* REQUIRED WORK: Transcribe the entries exactly as given and skip whatever images they hold.
■ ■ ■
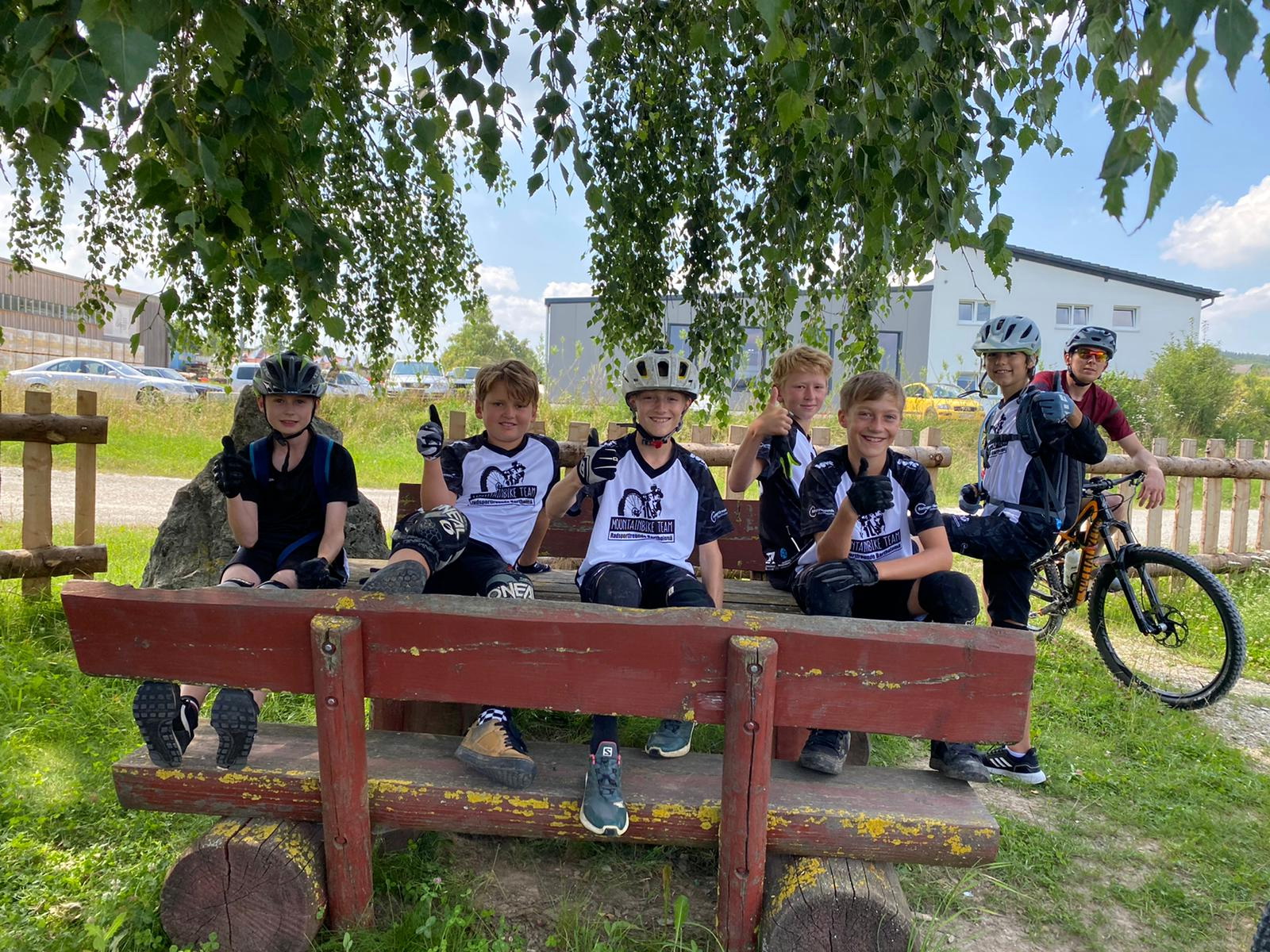 Die kleinen radelten Richtung Stock und befuhren den Trail zur Teufelsklinge. Mit den größeren ging es über den Thunderstruck Trail Richtung Rosenstein. Dann hinab über die Bärenhalde zur Heubacher Stellung. Auf dem dortigen Pumptrack wurden dann einige Runden gedreht. War toll anzuschauen, wie alle gemeinsam auf dem Pumptrack ihre Runden gedreht haben und jeder auf den anderen Rücksicht genommen hat. Dann kam der nicht so angenehme Teil der Tour, der Anstieg wieder hinauf in Richtung Lauterburg. Aber auch dieser wurde von allen gemeistert.
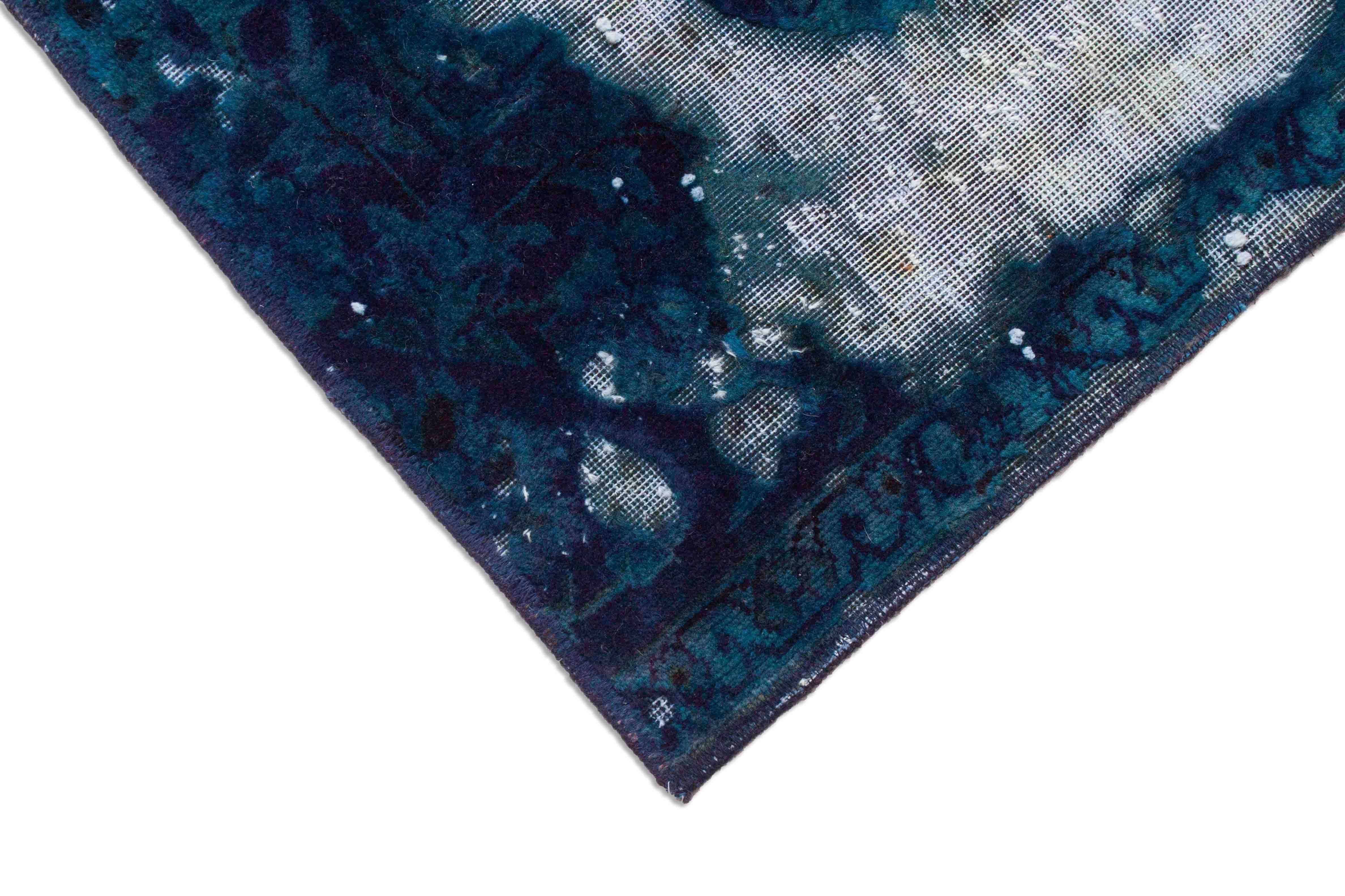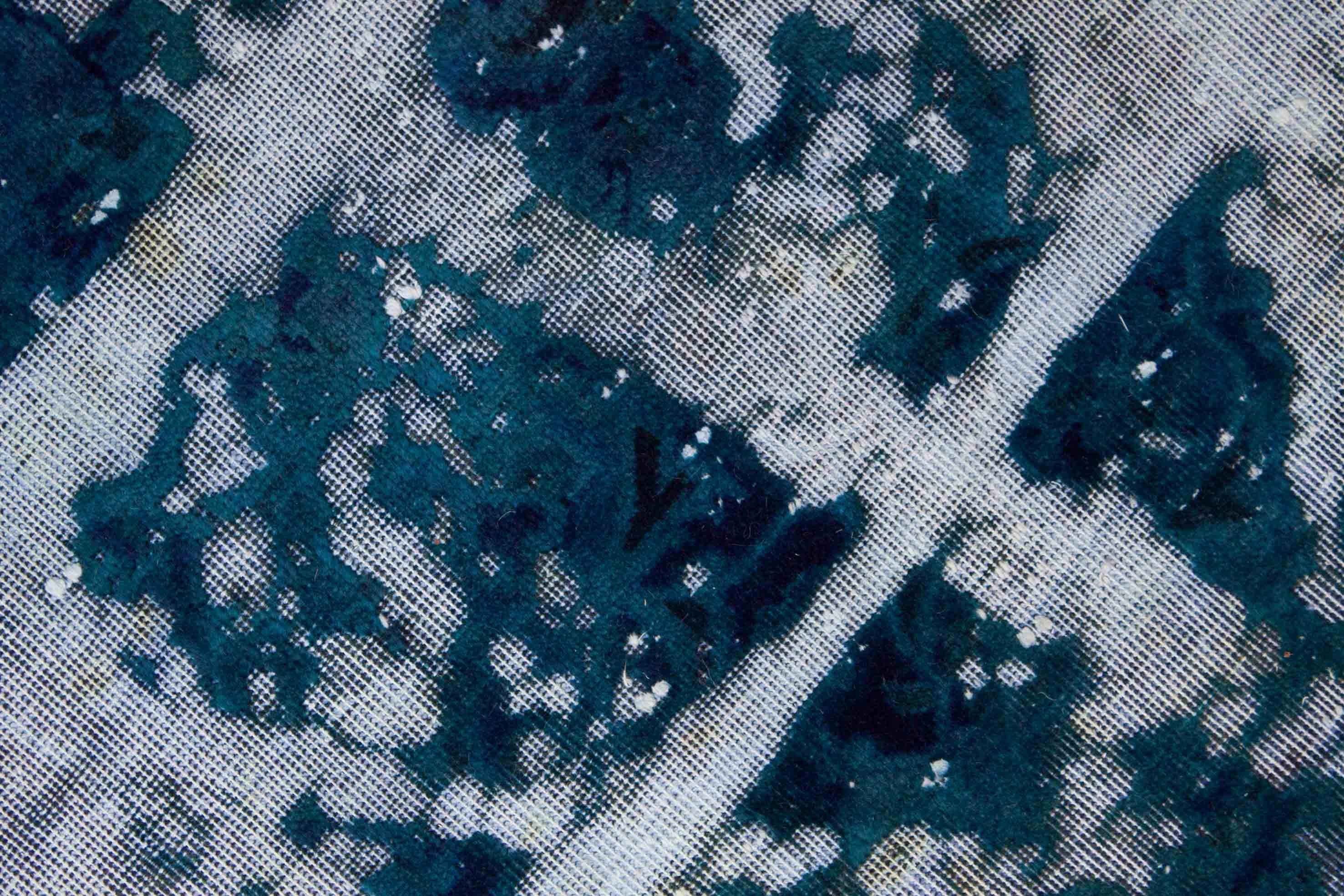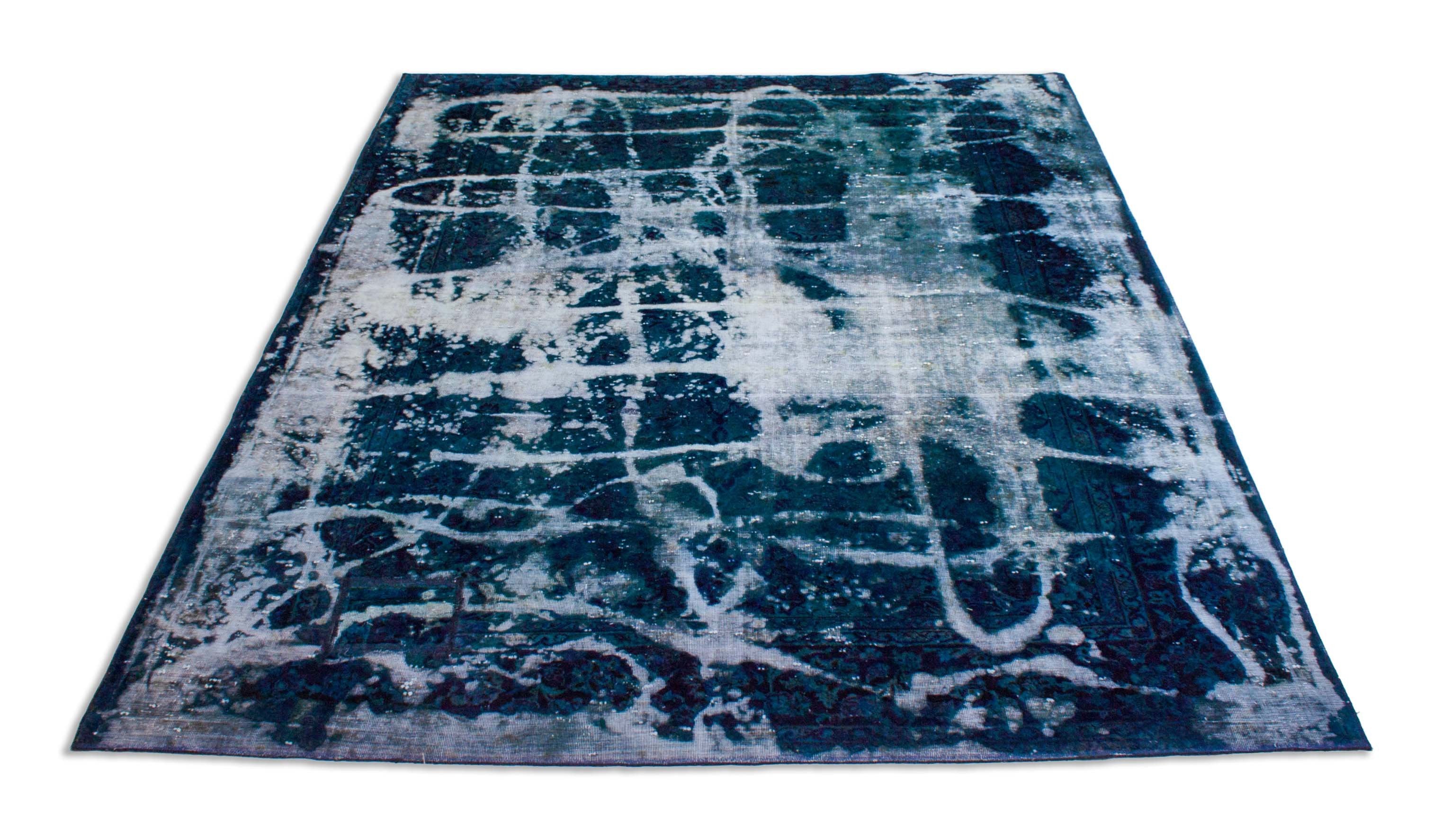 Certains de nos vieux tapis orientaux donnent un aspect plus moderne à travers une procédure élaborée. Ces tapis qu'on appelle Vintage Carpets. Vintage Carpets sont des objets design où l'artisanat traditionnel rencontre l'ameublement contemporain. La nouvelle coloration donne aux modèles traditionnels des tapis orientaux un caractère intemporel. Les tapis, qui ne sont plus dans la tendance en raison de leur coloration, deviendront une telle Second life dans une robe plus moderne. L'utilisation de vieux tapis comme matière première pour les nouveaux produits est économies de ressources et durables. Cette pièce est une vraie, mais était un Perse classique. Au plus tard, c'est un vrai eye-catcher ! Le tapis a été décoloré et coloré bleu dans Navi. En outre, le Flor a été enlevé à de grandes parties de sorte que seulement dans certains endroits le modèle classique, oriental reste à voir. Cette œuvre abstraite, allie classique et moderne et le eye-catcher parfait pour votre décor !
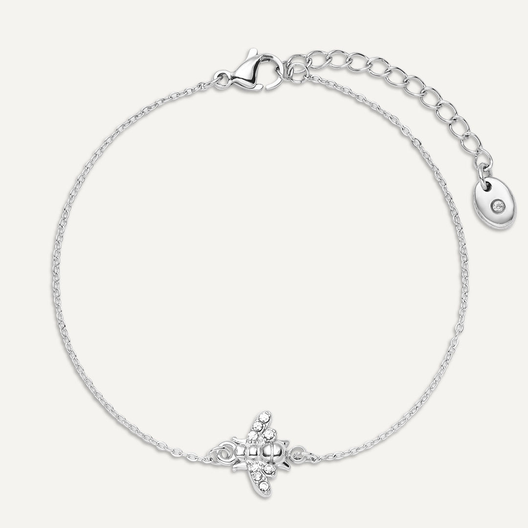 Vibes | Sparkling Bee Clasp Bracelet | White Gold-Plated
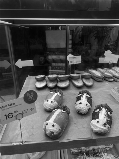 Ole超市货架上四个造型各异的“牛马面包”
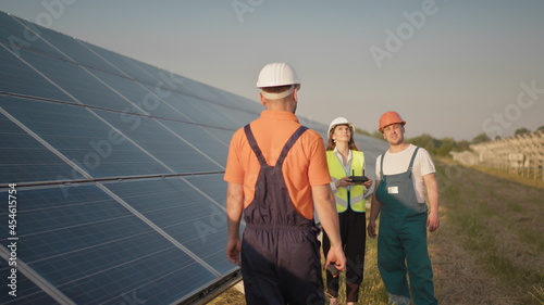 An employee of a solar power plant talks on a walkie-talkie while his colleagues and an investor check the solar power plant with an infrared scanner, a drone. Photovoltaic solar panel installation
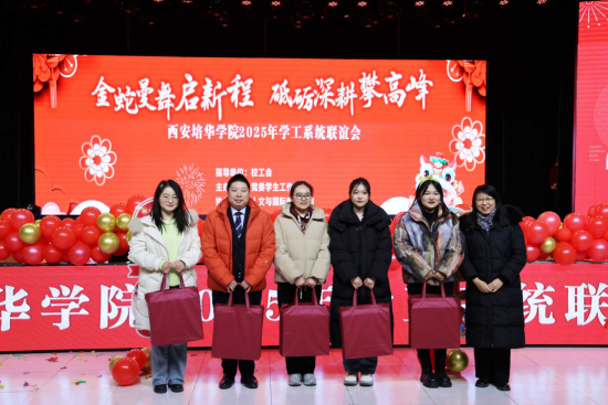The golden snake dance starts a new journey with greater heights. Guided by the University Labor Union, hosted by the Student Affairs Department and organized by the School of Humanities and International Education, the 2025 Student Affairs System Gala was successfully held on January 10. Vice President and Deputy Secretary of the Party Committee of Peihua University, Yao Wenjing, along with relevant leaders from the Student Potential Development Center, Admissions and Career Guidance Center, Student Affairs Department, and the Youth League Committee, gathered with the secretaries, deputy secretaries, and all counselors from the Party Committees (or General Party Branches) of secondary schools, as well as colleagues in student affairs system, to jointly create a grand event to bid farewell to the old year and welcome the new one.
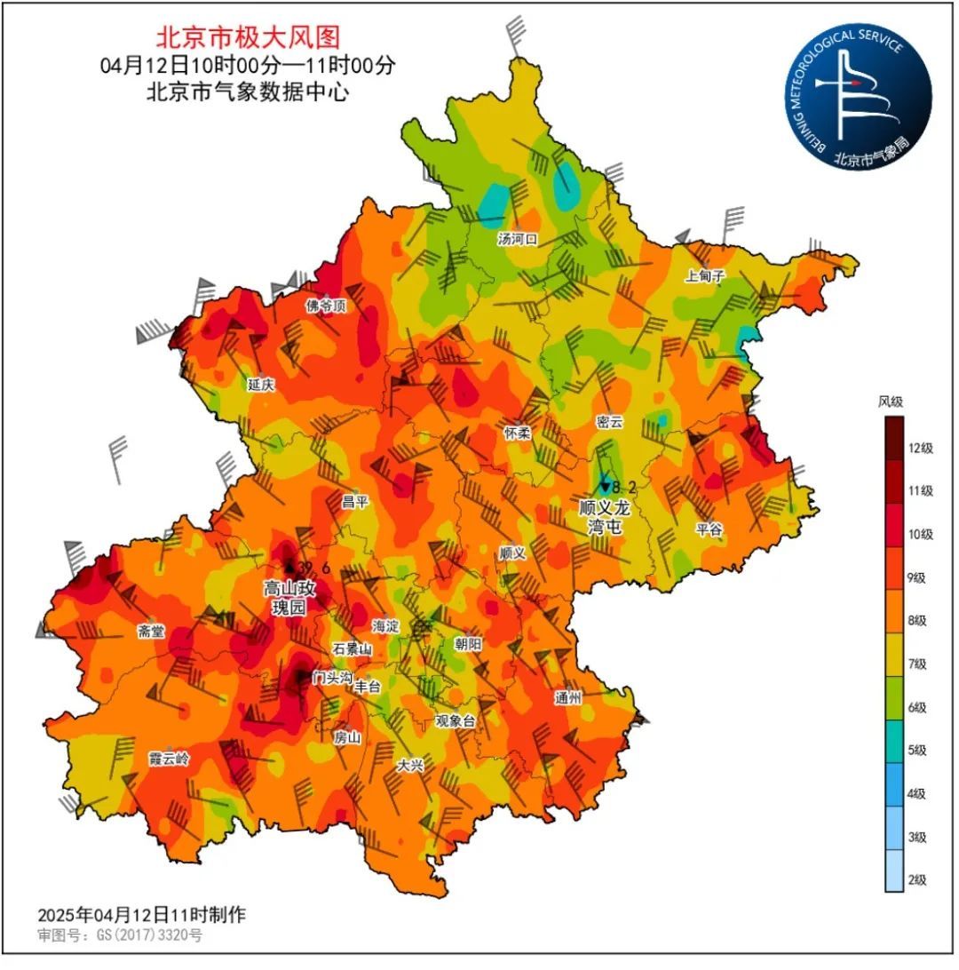 最近1小时(12日11-12时)我市部分地区阵风9~11级,山区局地14级。全市有157个测站极大风达9级以上(占比33.0%),64个测站极大风达10级以上(占比11.0%)。10级以上的站出现在海淀、朝阳、丰台、通州、房山、昌平、怀柔、平谷、门头沟、延庆、顺义。全市最大阵风风速:高山站门头沟高山玫瑰园42.2米/秒(14级);浅山区海淀北安河36.2米/秒(12级);平原地区顺义新国展29.0米/秒(11级)。
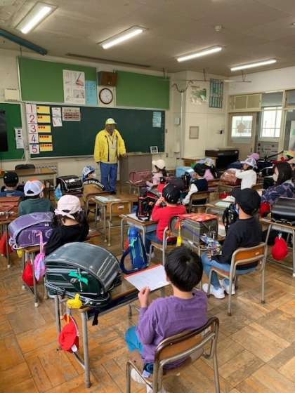 1年生の教室に区役所の「ラビット隊」の方が来られました。子どもたちの安心・安全のためにいつも見守りをしてくださっています。
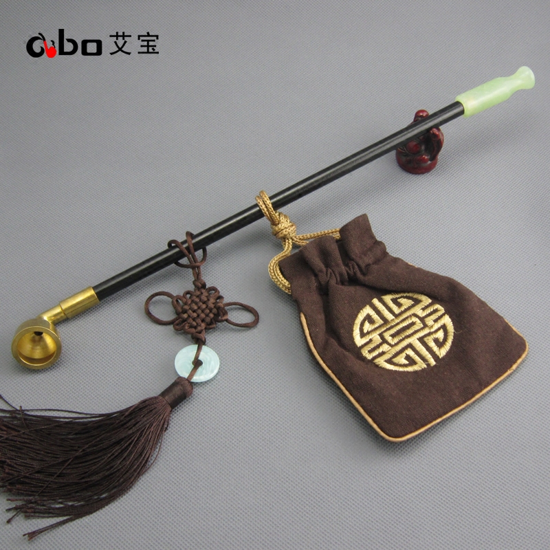 艾宝老式 复古烟斗丝草 黄铜大号旱烟袋锅子玉石烟嘴实木长烟杆男士
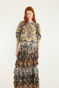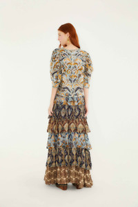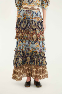 Celebrate bold elegance with the Mixed Scarves Ruffled Maxi Skirt by FARM Rio. This enchanting piece features tiered layers of vibrant, vintage-inspired prints that cascade in playful ruffles. Earthy tones blend with soft blues and warm browns, creating a tapestry of intricate florals and baroque motifs. The flowing silhouette embraces a graceful movement, perfectly capturing the brand’s signature joyful and artistic spirit. Ideal for moments where beauty meets comfort.- Closure: Invisible Zipper At Side Seam Ref.: 340412 Composition 100% VISCOSE Care Instructions MACHINE WASH GENTLE CYCLE, DO NOT BLEACH, DO NOT TUMBLE DRY, LINE DRY IN THE SHADE, IRON AT LOW HEAT, DRY CLEAN WITH ANY SOLVENT EXCEPT TRICHLOROETHYLENE Fabric origin: India Product manufacturing: India Product printing: India
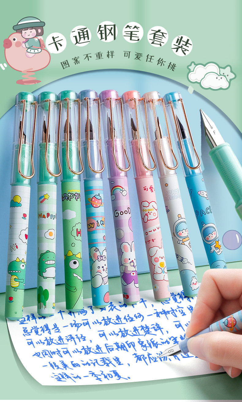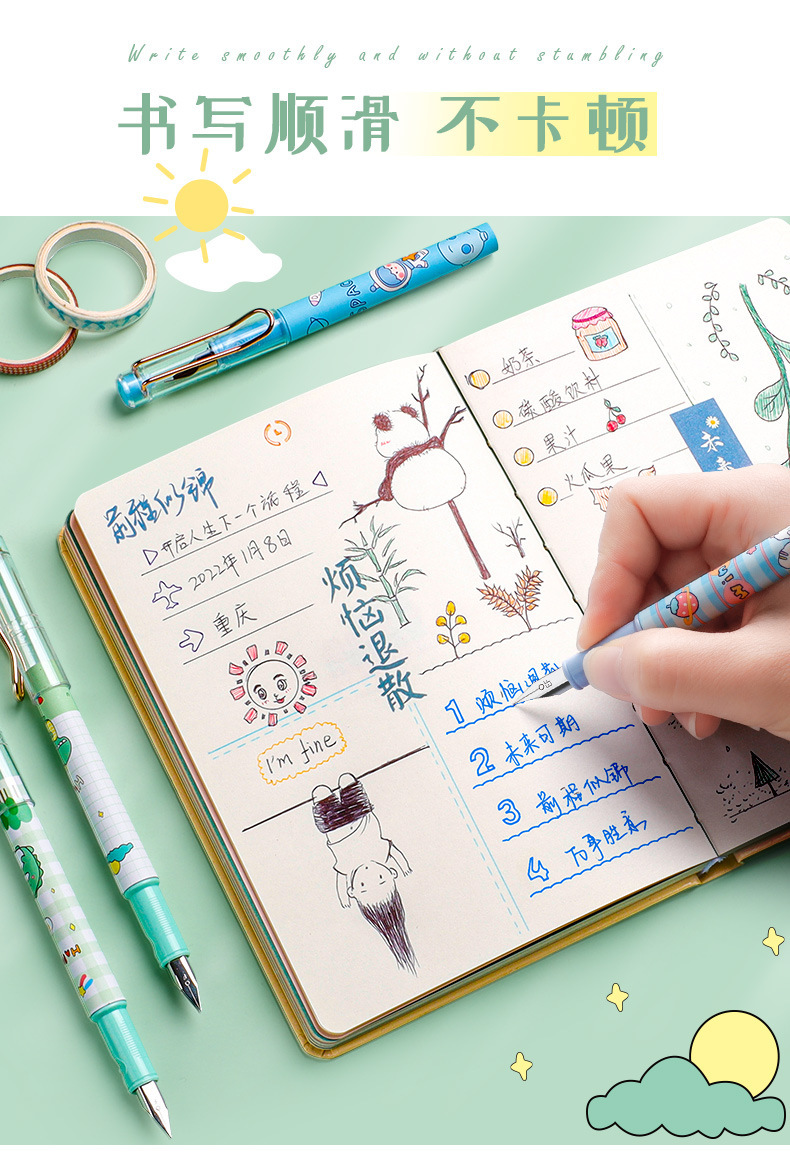 小学生高颜值可换墨囊钢笔套装可爱卡通儿童初学练字专用书写流畅
■ ■ ■
* WRITTEN SOLUTION:
 Die kleinen radelten Richtung Stock und befuhren den Trail zur Teufelsklinge. Mit den größeren ging es über den Thunderstruck Trail Richtung Rosenstein. Dann hinab über die Bärenhalde zur Heubacher Stellung. Auf dem dortigen Pumptrack wurden dann einige Runden gedreht. War toll anzuschauen, wie alle gemeinsam auf dem Pumptrack ihre Runden gedreht haben und jeder auf den anderen Rücksicht genommen hat. Dann kam der nicht so angenehme Teil der Tour, der Anstieg wieder hinauf in Richtung Lauterburg. Aber auch dieser wurde von allen gemeistert.
 Certains de nos vieux tapis orientaux donnent un aspect plus moderne à travers une procédure élaborée. Ces tapis qu'on appelle Vintage Carpets. Vintage Carpets sont des objets design où l'artisanat traditionnel rencontre l'ameublement contemporain. La nouvelle coloration donne aux modèles traditionnels des tapis orientaux un caractère intemporel. Les tapis, qui ne sont plus dans la tendance en raison de leur coloration, deviendront une telle Second life dans une robe plus moderne. L'utilisation de vieux tapis comme matière première pour les nouveaux produits est économies de ressources et durables. Cette pièce est une vraie, mais était un Perse classique. Au plus tard, c'est un vrai eye-catcher ! Le tapis a été décoloré et coloré bleu dans Navi. En outre, le Flor a été enlevé à de grandes parties de sorte que seulement dans certains endroits le modèle classique, oriental reste à voir. Cette œuvre abstraite, allie classique et moderne et le eye-catcher parfait pour votre décor !
 Vibes | Sparkling Bee Clasp Bracelet | White Gold-Plated
 Ole超市货架上四个造型各异的“牛马面包”
 An employee of a solar power plant talks on a walkie-talkie while his colleagues and an investor check the solar power plant with an infrared scanner, a drone. Photovoltaic solar panel installation
The golden snake dance starts a new journey with greater heights. Guided by the University Labor Union, hosted by the Student Affairs Department and organized by the School of Humanities and International Education, the 2025 Student Affairs System Gala was successfully held on January 10. Vice President and Deputy Secretary of the Party Committee of Peihua University, Yao Wenjing, along with relevant leaders from the Student Potential Development Center, Admissions and Career Guidance Center, Student Affairs Department, and the Youth League Committee, gathered with the secretaries, deputy secretaries, and all counselors from the Party Committees (or General Party Branches) of secondary schools, as well as colleagues in student affairs system, to jointly create a grand event to bid farewell to the old year and welcome the new one.
 最近1小时(12日11-12时)我市部分地区阵风9~11级,山区局地14级。全市有157个测站极大风达9级以上(占比33.0%),64个测站极大风达10级以上(占比11.0%)。10级以上的站出现在海淀、朝阳、丰台、通州、房山、昌平、怀柔、平谷、门头沟、延庆、顺义。全市最大阵风风速:高山站门头沟高山玫瑰园42.2米/秒(14级);浅山区海淀北安河36.2米/秒(12级);平原地区顺义新国展29.0米/秒(11级)。
 1年生の教室に区役所の「ラビット隊」の方が来られました。子どもたちの安心・安全のためにいつも見守りをしてくださっています。
 艾宝老式 复古烟斗丝草 黄铜大号旱烟袋锅子玉石烟嘴实木长烟杆男士
 Celebrate bold elegance with the Mixed Scarves Ruffled Maxi Skirt by FARM Rio. This enchanting piece features tiered layers of vibrant, vintage-inspired prints that cascade in playful ruffles. Earthy tones blend with soft blues and warm browns, creating a tapestry of intricate florals and baroque motifs. The flowing silhouette embraces a graceful movement, perfectly capturing the brand’s signature joyful and artistic spirit. Ideal for moments where beauty meets comfort.- Closure: Invisible Zipper At Side Seam Ref.: 340412 Composition 100% VISCOSE Care Instructions MACHINE WASH GENTLE CYCLE, DO NOT BLEACH, DO NOT TUMBLE DRY, LINE DRY IN THE SHADE, IRON AT LOW HEAT, DRY CLEAN WITH ANY SOLVENT EXCEPT TRICHLOROETHYLENE Fabric origin: India Product manufacturing: India Product printing: India
 小学生高颜值可换墨囊钢笔套装可爱卡通儿童初学练字专用书写流畅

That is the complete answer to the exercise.